In the quantum community, supervised machine learning has been used to predict energies on small molecules through a variety of approaches.^{23,33,45–59} In particular, the SchNet architecture is based on the use of continuous filter convolutions and a graph neutral network.^{17,24,33} SchNet is a scalable, transferable framework that employs representation learning to predict the properties and behavior of small organic molecules. In the vein of the original force matching procedure of Ercolessi and Adams,^{35} SchNet has also been used to predict forces on atomic data from a quantum mechanical gold standard.^{33}

In Sec. III A, we briefly overview the CGnet scheme upon which we base the method introduced in this work. Then, in Sec. III B, we describe SchNet and introduce our adaptation of SchNet to the coarse graining problem by incorporating it into a CGnet to create a hybrid “CGSchNet” architecture. The original implementation of CGnet is not transferable across different systems due to its reliance on hand-selected structural features.^{31} We recognized that SchNet could be leveraged as a subcomponent of CGnet in order to *learn* the features, thereby converting CGnet—i.e., force matching via supervised machine learning—to a transferable framework for the first time.

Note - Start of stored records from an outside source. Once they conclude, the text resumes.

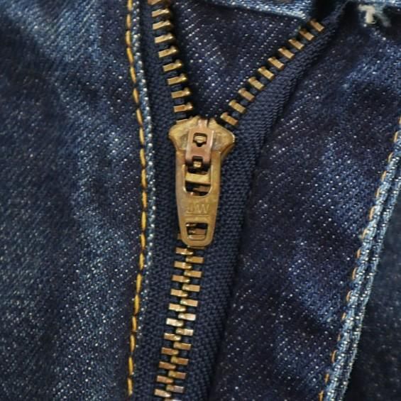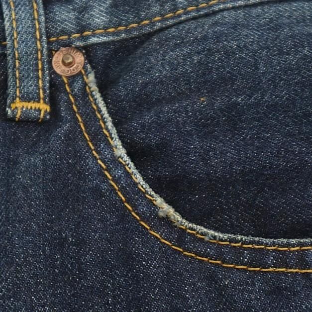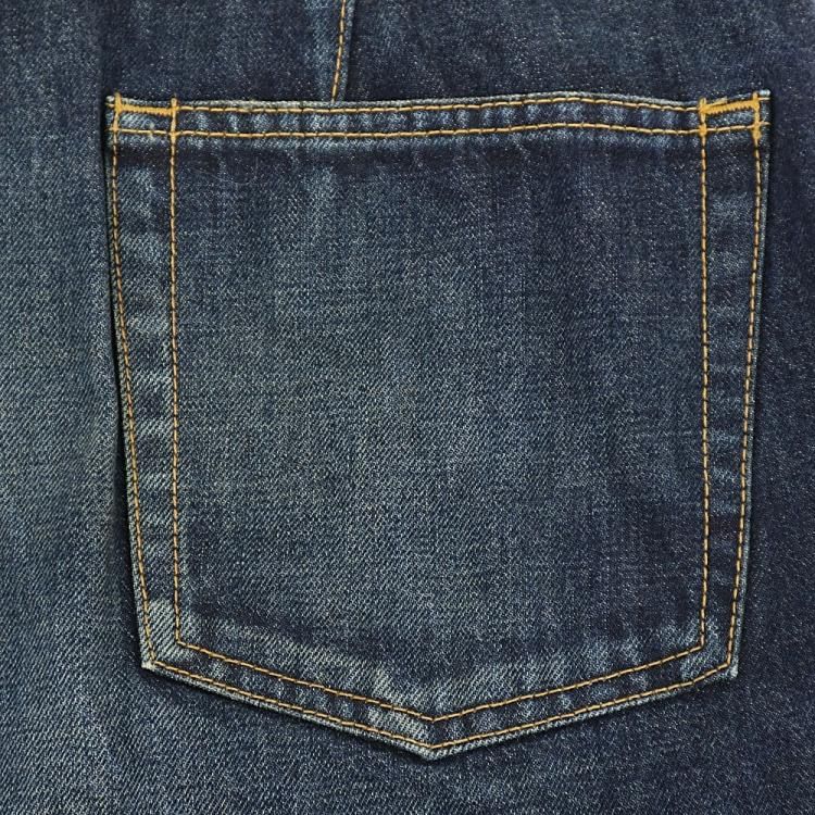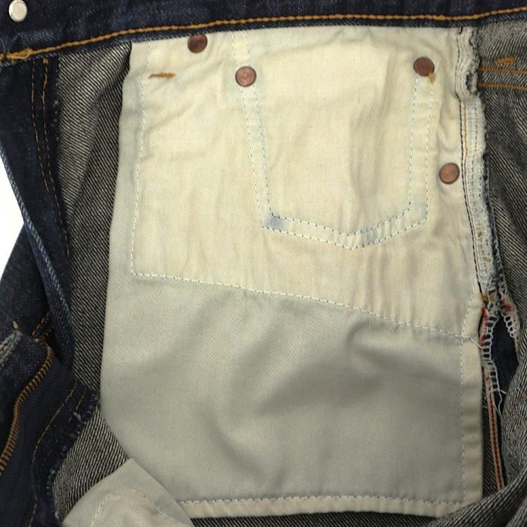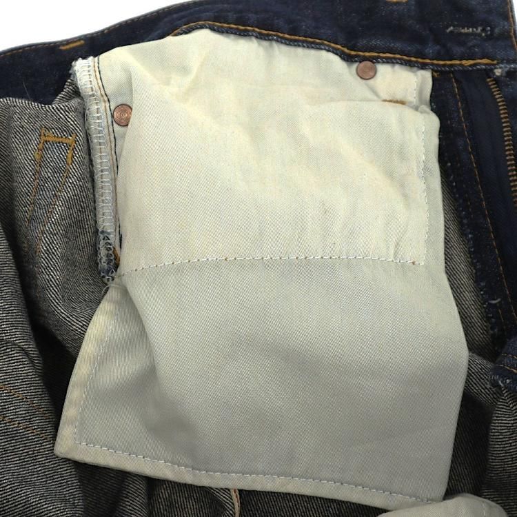 若干の使用感と色褪せ、内ポケットに色移り、後ろ革パッチに汚れ、フロント両ポケットと裾に軽いダメージがあります。
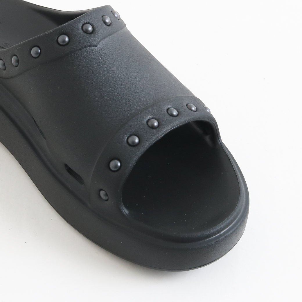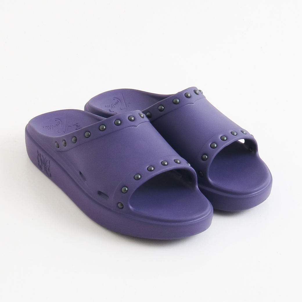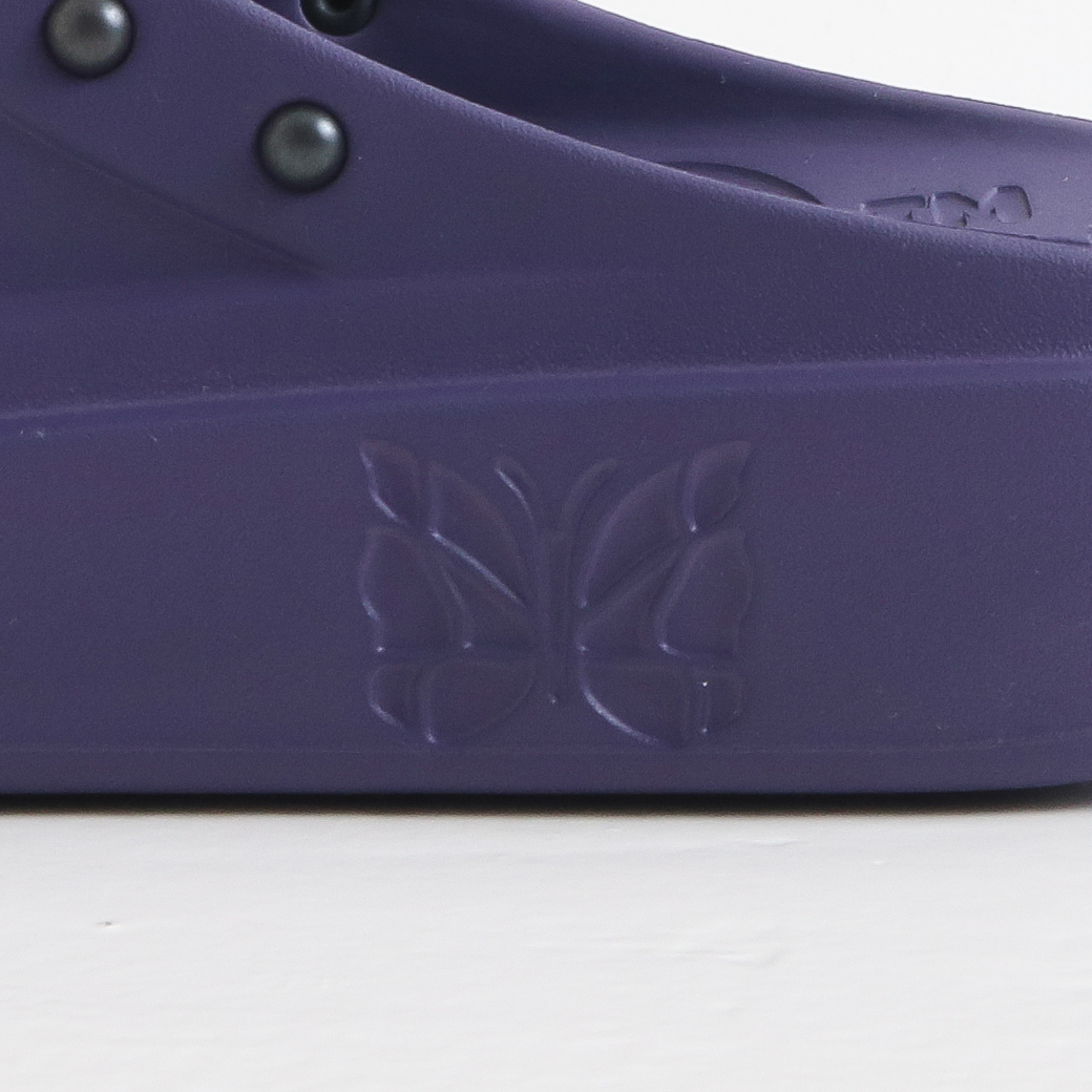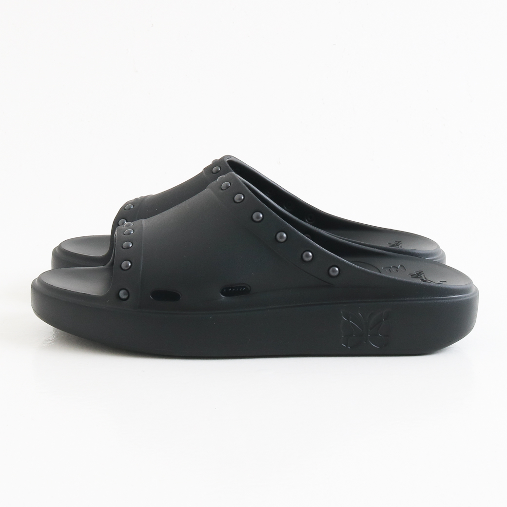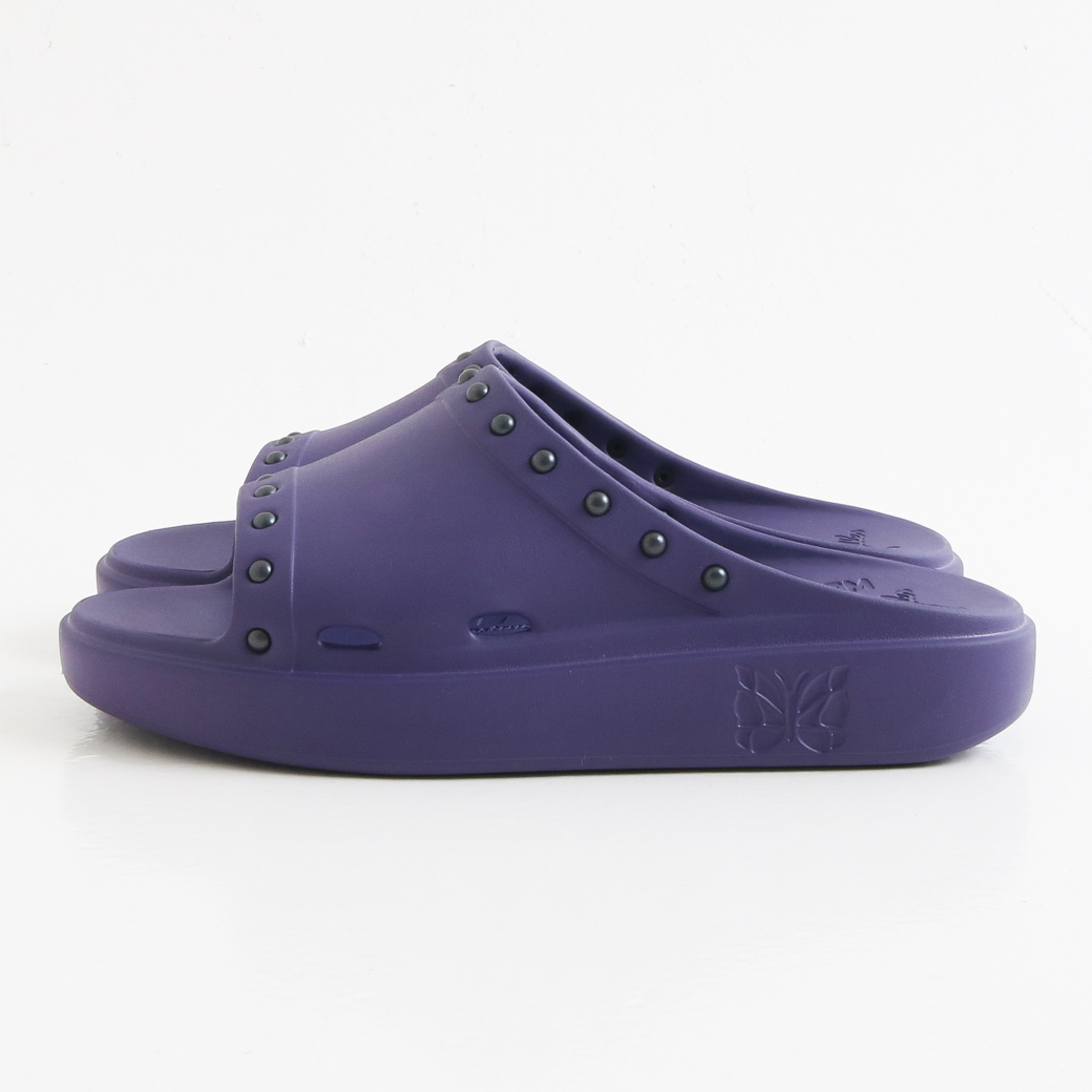 クッション性のある履き心地を実現しています。また、履き口周りに配されたスタッズやソールに刻まれた〈NEEDLES〉のロゴが個性を引き立てます。
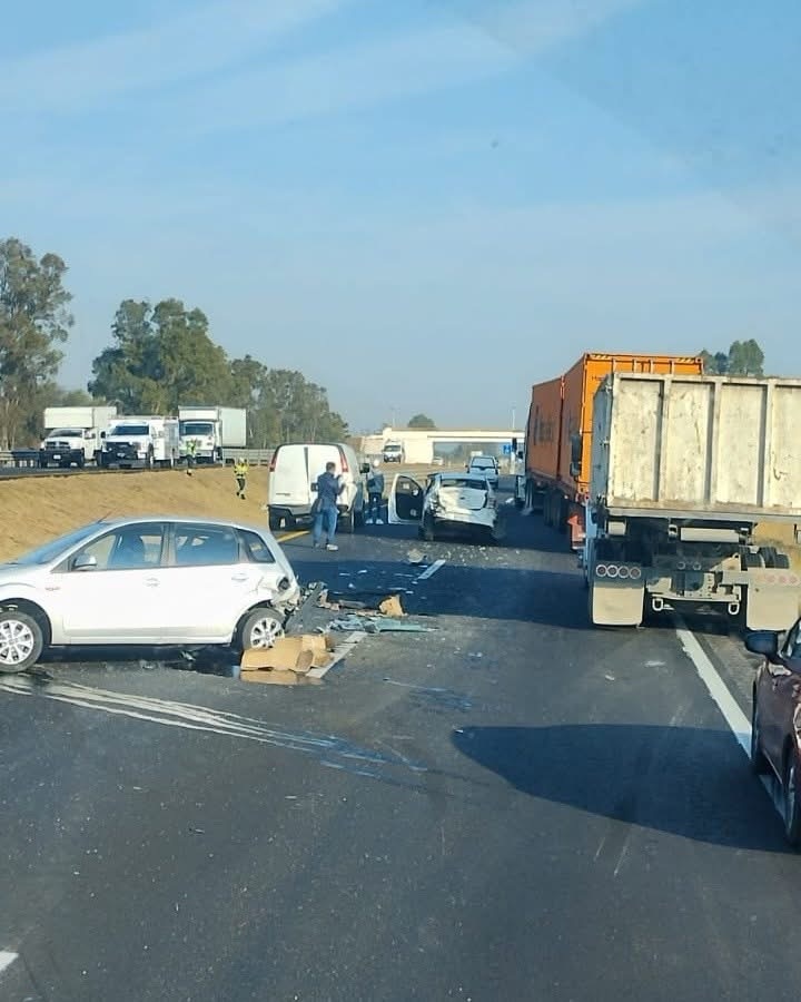 Querétaro, Qro., a 10 de marzo del 2026. Esta mañana de martes se registró una aparatoso accidente vehicular tipo choque múltiple sobre los carriles del Libramiento Noreste (Chichimequillas) a tres de la comunidad de Los Encinos, en el municipio de El Marqués.
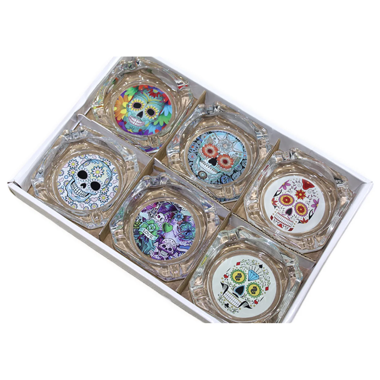 Bu boyutlar, küllüğün fazla yer kaplamadan her türlü ortama kolayca uyum sağlamasını ve estetik bir bütünlük oluşturmasını garanti eder. Renkli şeker kurukafa desenli cam küllüğümüzle yaşam alanlarınıza neşe ve özgünlük katın!
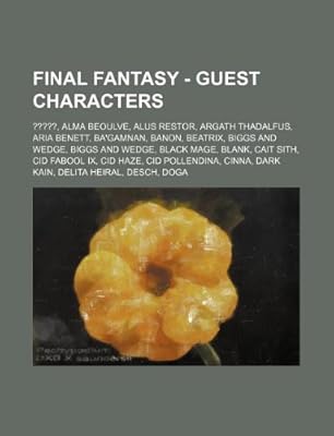 Final Fantasy - Guest Characters: ?????, Alma Beoulve, Alus Restor, Argath Thadalfus, Aria Benett, Ba’Gamnan, Banon, Beatrix, Biggs and Wedge, Biggs … Cid Pollendina, Cinna, Dark Kain, Delita - Source Wikia |
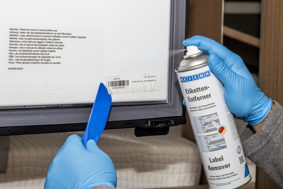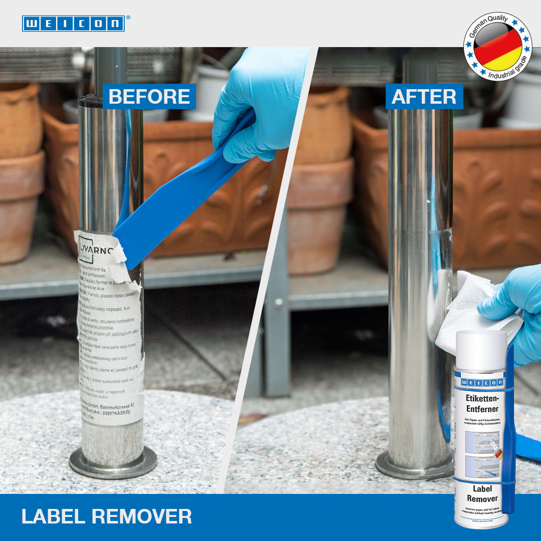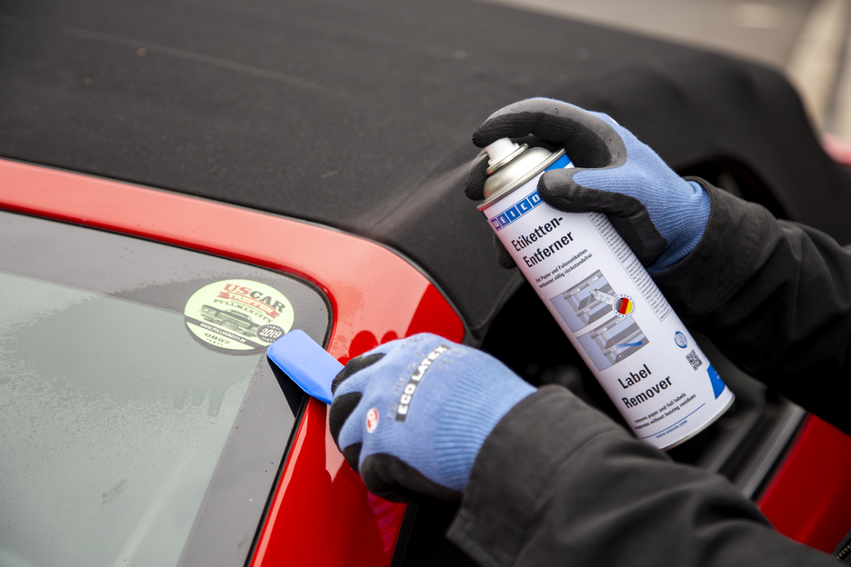 WEICON Dissolvant d'Etiquettes élimine facilement et vite les étiquettes de papier et les résidus d'adhésifs à base d'acrylates et de caoutchouc. Le Dissolvant d'Etiquettes WEICON convient à de nombreuses surfaces, comme le verre, le métal, le bois, les pellicules et les plastiques. Le Dissolvant d'Etiquettes enlève facilement et sûrement les étiquettes collantes, les étiquettes de prix (p.ex. en cas d'erreurs d'étiquetage), les étiquettes d'adresses et de produits, détache les plaquettes signalétiques, élimine les restes d'étiquettes et détache les résidus d'adhésifs des étiquettes en matière plastique, p. ex. les vignettes sur les pare-brise des voitures particulières.

### A. Original CGnet architecture

For both CGnet and CGSchNet, our training data comprise an MD simulation that has already been performed and for which the atomistic forces have been retained or recomputed. Both the configurations and the forces are in $R3N$ space for *N* atoms. We then determine our mapping matrix **Ξ** and use it to prepare our input data (coarse-grained structures) and labels (atomistic forces mapped to the coarse-grained space), both will be in $R3n$ for *n* beads [recall (2)].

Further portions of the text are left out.